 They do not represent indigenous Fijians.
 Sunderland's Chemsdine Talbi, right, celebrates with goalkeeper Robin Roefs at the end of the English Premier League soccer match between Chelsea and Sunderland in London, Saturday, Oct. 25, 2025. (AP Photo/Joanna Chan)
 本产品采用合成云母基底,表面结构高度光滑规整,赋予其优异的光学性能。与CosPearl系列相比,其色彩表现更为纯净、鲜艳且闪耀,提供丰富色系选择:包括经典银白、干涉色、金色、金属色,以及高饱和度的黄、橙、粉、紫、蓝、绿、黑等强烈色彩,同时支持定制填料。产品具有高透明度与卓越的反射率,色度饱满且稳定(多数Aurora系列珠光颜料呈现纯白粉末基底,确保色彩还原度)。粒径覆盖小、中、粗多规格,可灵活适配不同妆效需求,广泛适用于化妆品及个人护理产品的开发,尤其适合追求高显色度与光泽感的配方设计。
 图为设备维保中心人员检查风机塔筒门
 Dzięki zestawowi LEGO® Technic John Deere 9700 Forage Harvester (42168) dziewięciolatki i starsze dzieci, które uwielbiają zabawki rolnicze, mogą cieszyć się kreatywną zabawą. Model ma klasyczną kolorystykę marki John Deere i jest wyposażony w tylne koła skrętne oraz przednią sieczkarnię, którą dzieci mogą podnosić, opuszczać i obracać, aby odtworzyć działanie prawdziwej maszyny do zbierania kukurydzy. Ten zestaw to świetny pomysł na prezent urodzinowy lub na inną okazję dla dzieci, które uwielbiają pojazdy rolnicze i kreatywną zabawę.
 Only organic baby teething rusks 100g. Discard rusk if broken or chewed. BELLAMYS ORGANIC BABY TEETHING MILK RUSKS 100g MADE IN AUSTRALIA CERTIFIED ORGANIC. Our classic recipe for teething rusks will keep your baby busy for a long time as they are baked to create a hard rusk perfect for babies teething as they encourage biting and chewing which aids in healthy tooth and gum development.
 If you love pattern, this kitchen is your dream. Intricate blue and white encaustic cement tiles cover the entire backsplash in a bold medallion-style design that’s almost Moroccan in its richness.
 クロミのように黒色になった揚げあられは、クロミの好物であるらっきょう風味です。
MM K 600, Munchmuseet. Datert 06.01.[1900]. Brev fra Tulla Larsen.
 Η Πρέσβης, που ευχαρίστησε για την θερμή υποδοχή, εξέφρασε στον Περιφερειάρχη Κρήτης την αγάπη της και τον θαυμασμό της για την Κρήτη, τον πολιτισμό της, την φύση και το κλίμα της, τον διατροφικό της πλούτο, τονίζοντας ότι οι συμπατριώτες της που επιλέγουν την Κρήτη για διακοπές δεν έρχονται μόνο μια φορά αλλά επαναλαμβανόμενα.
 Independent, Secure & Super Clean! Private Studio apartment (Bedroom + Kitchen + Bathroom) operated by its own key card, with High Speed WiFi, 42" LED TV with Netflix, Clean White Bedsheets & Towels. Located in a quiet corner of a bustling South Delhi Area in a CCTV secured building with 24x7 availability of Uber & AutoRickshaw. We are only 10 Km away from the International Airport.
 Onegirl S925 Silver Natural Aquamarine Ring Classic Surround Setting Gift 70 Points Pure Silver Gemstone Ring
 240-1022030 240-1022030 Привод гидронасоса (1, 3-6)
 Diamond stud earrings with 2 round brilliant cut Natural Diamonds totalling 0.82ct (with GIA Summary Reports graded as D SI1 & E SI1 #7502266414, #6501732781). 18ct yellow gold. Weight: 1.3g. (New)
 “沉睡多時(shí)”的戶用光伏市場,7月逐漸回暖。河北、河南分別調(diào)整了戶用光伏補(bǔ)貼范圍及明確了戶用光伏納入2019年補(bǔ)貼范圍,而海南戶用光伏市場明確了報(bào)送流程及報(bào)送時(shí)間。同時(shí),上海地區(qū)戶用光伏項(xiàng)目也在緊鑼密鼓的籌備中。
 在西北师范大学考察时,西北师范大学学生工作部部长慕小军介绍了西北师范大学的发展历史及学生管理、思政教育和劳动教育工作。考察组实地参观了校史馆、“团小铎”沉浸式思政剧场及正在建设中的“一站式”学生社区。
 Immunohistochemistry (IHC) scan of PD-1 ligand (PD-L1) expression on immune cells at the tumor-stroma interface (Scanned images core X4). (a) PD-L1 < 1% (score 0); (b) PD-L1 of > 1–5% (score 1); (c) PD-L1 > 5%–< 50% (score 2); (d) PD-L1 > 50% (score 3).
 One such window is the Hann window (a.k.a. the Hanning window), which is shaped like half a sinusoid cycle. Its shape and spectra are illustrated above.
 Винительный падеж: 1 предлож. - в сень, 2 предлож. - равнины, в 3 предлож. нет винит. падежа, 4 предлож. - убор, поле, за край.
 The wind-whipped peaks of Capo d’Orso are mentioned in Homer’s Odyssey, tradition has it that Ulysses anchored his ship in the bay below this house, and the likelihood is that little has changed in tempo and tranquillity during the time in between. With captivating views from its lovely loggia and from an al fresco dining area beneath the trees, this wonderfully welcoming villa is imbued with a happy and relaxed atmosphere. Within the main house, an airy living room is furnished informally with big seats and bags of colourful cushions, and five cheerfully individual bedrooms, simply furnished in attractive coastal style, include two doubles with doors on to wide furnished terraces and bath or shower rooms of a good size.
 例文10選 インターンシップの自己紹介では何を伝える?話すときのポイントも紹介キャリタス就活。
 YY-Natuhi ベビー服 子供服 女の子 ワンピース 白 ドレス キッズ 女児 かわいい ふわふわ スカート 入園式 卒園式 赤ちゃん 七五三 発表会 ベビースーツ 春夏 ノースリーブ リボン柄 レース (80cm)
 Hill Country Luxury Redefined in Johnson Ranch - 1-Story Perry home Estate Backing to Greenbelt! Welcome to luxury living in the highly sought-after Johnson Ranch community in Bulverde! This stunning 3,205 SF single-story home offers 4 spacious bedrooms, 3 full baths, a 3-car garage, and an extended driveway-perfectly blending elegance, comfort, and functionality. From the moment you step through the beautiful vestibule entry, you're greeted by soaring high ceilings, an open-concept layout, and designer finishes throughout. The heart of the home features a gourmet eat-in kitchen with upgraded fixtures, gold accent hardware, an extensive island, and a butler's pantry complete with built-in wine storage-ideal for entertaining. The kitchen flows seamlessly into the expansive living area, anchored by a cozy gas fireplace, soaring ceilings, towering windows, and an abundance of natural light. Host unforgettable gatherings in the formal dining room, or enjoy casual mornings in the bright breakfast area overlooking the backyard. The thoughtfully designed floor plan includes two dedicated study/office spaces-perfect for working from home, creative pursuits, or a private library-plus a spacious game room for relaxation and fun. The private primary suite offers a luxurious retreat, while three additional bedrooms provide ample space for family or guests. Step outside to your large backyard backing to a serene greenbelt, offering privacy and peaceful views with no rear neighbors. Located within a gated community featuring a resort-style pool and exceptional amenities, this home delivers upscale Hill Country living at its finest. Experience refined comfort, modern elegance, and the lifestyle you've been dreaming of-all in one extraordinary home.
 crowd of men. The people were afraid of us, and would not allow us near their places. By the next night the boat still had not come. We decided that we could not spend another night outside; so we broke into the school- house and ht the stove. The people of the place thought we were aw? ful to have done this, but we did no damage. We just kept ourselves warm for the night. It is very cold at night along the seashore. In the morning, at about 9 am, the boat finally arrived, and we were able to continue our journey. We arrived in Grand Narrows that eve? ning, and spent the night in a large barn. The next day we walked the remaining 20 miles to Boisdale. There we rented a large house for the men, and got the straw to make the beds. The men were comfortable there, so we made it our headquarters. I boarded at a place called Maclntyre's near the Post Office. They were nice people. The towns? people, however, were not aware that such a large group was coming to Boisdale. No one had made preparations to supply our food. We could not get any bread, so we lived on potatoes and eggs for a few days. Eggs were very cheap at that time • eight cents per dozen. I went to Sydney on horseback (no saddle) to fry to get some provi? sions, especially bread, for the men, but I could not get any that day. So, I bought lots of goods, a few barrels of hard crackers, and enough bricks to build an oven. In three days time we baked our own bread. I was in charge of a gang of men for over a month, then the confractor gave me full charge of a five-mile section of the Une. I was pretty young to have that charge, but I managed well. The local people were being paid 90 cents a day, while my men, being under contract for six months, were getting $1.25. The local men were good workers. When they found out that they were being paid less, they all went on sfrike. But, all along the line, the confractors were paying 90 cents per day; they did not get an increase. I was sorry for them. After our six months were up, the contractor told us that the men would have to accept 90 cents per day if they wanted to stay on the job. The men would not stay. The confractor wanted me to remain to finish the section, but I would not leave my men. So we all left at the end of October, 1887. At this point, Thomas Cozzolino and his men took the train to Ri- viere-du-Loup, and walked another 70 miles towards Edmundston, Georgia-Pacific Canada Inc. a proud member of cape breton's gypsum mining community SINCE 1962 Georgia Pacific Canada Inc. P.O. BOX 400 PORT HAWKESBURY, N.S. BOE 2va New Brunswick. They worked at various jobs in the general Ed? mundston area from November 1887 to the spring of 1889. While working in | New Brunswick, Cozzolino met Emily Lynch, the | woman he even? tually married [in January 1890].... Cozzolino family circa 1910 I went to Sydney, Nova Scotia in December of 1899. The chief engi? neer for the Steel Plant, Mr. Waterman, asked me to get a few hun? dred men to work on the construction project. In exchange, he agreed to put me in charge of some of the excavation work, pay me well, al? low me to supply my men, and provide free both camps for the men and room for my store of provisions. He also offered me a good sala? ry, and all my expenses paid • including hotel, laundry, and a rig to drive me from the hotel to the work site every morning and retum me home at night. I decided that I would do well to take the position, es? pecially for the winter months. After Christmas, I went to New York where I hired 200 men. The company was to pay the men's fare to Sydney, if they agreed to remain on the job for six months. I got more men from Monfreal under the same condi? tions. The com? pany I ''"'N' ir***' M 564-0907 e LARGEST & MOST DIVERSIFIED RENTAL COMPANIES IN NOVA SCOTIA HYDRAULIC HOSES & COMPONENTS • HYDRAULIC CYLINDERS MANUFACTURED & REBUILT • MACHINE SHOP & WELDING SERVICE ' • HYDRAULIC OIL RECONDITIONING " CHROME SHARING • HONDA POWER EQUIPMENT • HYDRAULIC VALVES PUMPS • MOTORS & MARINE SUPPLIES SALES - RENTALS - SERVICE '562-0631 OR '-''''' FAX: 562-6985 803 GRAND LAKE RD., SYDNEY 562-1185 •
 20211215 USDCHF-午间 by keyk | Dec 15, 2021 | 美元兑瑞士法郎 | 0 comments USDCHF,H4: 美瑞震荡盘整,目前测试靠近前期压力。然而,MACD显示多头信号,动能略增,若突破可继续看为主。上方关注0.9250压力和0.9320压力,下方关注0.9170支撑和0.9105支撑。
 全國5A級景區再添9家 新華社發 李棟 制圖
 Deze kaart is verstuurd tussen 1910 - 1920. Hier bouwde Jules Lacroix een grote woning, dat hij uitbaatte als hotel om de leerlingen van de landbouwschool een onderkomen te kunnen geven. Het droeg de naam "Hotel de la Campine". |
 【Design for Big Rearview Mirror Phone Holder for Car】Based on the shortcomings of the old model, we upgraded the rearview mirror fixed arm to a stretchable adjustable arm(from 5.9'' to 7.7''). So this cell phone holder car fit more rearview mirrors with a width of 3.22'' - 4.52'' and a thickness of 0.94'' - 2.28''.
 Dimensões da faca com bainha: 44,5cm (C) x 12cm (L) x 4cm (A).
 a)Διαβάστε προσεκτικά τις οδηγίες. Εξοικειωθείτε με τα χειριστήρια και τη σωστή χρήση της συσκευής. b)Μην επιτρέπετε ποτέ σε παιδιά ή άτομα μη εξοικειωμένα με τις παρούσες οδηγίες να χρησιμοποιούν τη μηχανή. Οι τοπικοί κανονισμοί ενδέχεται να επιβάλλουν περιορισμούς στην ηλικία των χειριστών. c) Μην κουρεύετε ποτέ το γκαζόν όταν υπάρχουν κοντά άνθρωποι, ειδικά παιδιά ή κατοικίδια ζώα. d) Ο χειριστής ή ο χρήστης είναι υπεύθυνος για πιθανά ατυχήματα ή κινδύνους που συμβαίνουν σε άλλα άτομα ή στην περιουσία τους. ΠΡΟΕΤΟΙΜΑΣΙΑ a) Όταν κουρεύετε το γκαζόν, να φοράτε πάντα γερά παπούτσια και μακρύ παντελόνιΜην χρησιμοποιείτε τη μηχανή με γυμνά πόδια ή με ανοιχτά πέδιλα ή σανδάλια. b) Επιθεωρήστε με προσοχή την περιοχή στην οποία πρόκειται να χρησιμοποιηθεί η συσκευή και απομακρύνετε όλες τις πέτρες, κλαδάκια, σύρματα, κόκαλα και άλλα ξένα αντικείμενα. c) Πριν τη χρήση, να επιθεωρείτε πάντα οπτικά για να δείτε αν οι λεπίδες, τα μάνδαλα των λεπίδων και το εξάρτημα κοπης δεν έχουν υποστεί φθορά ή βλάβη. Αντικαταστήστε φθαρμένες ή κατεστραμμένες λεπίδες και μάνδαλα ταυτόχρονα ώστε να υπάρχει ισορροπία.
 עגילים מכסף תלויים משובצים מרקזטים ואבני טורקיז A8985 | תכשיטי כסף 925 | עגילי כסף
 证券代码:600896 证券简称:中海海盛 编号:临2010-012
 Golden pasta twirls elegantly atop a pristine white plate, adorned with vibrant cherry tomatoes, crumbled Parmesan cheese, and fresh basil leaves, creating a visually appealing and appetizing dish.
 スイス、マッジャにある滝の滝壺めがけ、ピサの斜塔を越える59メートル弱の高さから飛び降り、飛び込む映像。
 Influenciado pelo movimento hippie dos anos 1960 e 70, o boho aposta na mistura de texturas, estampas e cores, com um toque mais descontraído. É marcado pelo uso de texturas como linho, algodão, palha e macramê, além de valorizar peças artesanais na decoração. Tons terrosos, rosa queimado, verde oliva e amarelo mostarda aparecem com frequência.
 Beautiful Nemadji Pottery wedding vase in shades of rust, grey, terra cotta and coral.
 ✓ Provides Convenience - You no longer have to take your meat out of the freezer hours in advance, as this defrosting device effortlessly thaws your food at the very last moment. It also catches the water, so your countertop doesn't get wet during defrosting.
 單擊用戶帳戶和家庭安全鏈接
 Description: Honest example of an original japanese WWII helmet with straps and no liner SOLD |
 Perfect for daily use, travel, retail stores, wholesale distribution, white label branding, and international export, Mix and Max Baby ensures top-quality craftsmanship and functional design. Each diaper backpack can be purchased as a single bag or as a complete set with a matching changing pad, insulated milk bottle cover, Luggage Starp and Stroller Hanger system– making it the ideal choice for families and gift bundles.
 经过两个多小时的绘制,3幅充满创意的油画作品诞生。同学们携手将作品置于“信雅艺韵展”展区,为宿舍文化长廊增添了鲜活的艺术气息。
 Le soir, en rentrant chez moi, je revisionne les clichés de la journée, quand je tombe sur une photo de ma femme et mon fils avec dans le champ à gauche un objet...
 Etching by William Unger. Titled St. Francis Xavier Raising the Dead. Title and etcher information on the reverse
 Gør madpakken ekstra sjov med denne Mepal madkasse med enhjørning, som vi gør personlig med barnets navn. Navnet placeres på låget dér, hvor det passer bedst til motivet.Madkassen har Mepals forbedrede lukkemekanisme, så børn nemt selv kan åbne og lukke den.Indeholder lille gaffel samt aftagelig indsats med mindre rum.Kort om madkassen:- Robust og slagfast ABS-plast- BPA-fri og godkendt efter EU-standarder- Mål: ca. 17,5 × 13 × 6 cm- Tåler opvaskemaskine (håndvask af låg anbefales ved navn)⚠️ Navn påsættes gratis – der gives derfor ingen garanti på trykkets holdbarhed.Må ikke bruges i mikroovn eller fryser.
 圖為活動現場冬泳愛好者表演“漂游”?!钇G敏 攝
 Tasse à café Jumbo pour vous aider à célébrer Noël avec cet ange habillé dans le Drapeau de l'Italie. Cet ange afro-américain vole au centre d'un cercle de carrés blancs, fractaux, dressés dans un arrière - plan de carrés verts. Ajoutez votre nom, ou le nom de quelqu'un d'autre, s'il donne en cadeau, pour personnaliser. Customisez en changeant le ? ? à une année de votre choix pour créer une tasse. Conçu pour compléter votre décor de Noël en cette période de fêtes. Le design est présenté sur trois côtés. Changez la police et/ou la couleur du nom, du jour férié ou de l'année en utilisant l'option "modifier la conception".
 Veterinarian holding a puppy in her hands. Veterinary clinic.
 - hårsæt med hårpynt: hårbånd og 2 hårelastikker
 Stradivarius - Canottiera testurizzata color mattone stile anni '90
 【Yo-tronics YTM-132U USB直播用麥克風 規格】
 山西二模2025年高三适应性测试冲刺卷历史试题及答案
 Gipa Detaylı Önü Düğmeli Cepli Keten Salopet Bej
──────────────────────────────
**DESCRIPTION OF THE TASK:** From the records above, repeat exactly the lines from the one with "全國5A級景區再添9家 新華社發 李棟 制圖" through the one with "Deze kaart is", both included.

**TASK RESPONSE:**
 全國5A級景區再添9家 新華社發 李棟 制圖
 Deze kaart is verstuurd tussen 1910 - 1920. Hier bouwde Jules Lacroix een grote woning, dat hij uitbaatte als hotel om de leerlingen van de landbouwschool een onderkomen te kunnen geven. Het droeg de naam "Hotel de la Campine". |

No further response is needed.